We’ve spoken about this issue before and he’s given some context to why he acts like this, some past traumas, so I’m absolutely willing to give him some leeway on his auto-reactions. But I’m not sure I can just roll over and accept that I can never ask him any questions he deems ‘prying’.

He rarely apologises after the fact and most of the time when I bring up in the moment that his reaction upsets me he basically just tells me I’m overreacting or I already know why he does it or he’s just in a bad mood.

I feel like if he reacted negatively and then apologised afterwards or even just genuinely acknowledged the fact that his reaction wasn’t ideal then I could feel better about it.

What’s the best way to deal with this going forward? I feel like I’ve already explained how it affects me and what I want from him but nothing seems to get better.

TLDR – partner either gets annoyed or refuses to answer me when I ask him questions. How am I supposed to approach this?

8 comments
  1. He said you were overreacting.

    Which is what he is doing.

    If he can’t improve this auto reply thing, then he has a long term problem OR he is hiding something. Which is it?

  2. Your feelings are valid and he really needs to be more considerate. From the sounds of it he just plain mean. Sometimes people get this way when they are hiding something, maybe guilt. Therapy may help.

  3. You’re being understanding of his “trauma” but h/ not treating his trauma. He excuses his behavior and blames you for it.

    What are you willng to accept? In perpetuity?

    Also all of this doesn’t read like something from the past but that he’s actively keeping secrets now

  4. I don’t have any more insight into this than what’s in this post, but it sounds like he is just over your questions. I feel like I would be the same way if someone asked me about. Every. Single. Little. Thing. I’m getting claustrophobic just reading this post. It sounds suffocating, honestly.

  5. Having past trauma is not a reason to take it out on other people. He should address his past trauma with the help of a therapist, it’s not your fault. Having past trauma is an explanation WHILE he finds better mechanisms to cope with it, and never, justification.

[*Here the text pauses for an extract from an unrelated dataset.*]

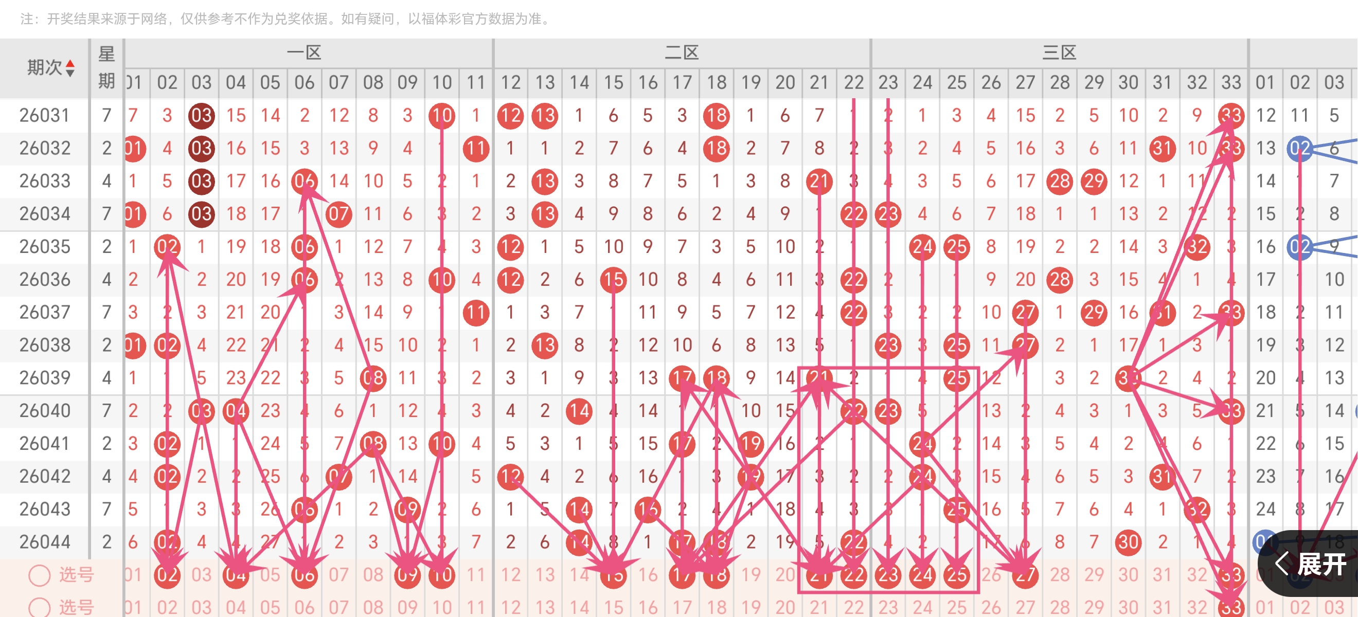 二区上期过热,本期少加量,选15、21(边缘号衔接);三区上期仅30,重点补23、24、25(三连号趋势)、27(冷号),三区凑2-3枚,平衡区间分布。

If he won’t do anything to work on his issues, you might not be compatible long term.

  6. Wait, you would question where he’s going, what he’s doing when he would leave the room? Is this something that has happened for awhile? He’s questioned when he leaves your sight? Oooh wait, you’ve changed that to only when he goes to the office? You do know people in a relationship don’t really become one? A couple equates to two individual people. I don’t see these as conversation starters, it read to me as ~why aren’t you going to be my side or at least in my ear shot.

  7. Part of me thinks he’s up to something but part of me feels he’s getting claustrophobic. Asking someone where they’re going when they leave the house is casual but do you actually ask him what room he’s headed to every time he leaves the room you’re in? That would drive me a little crazy.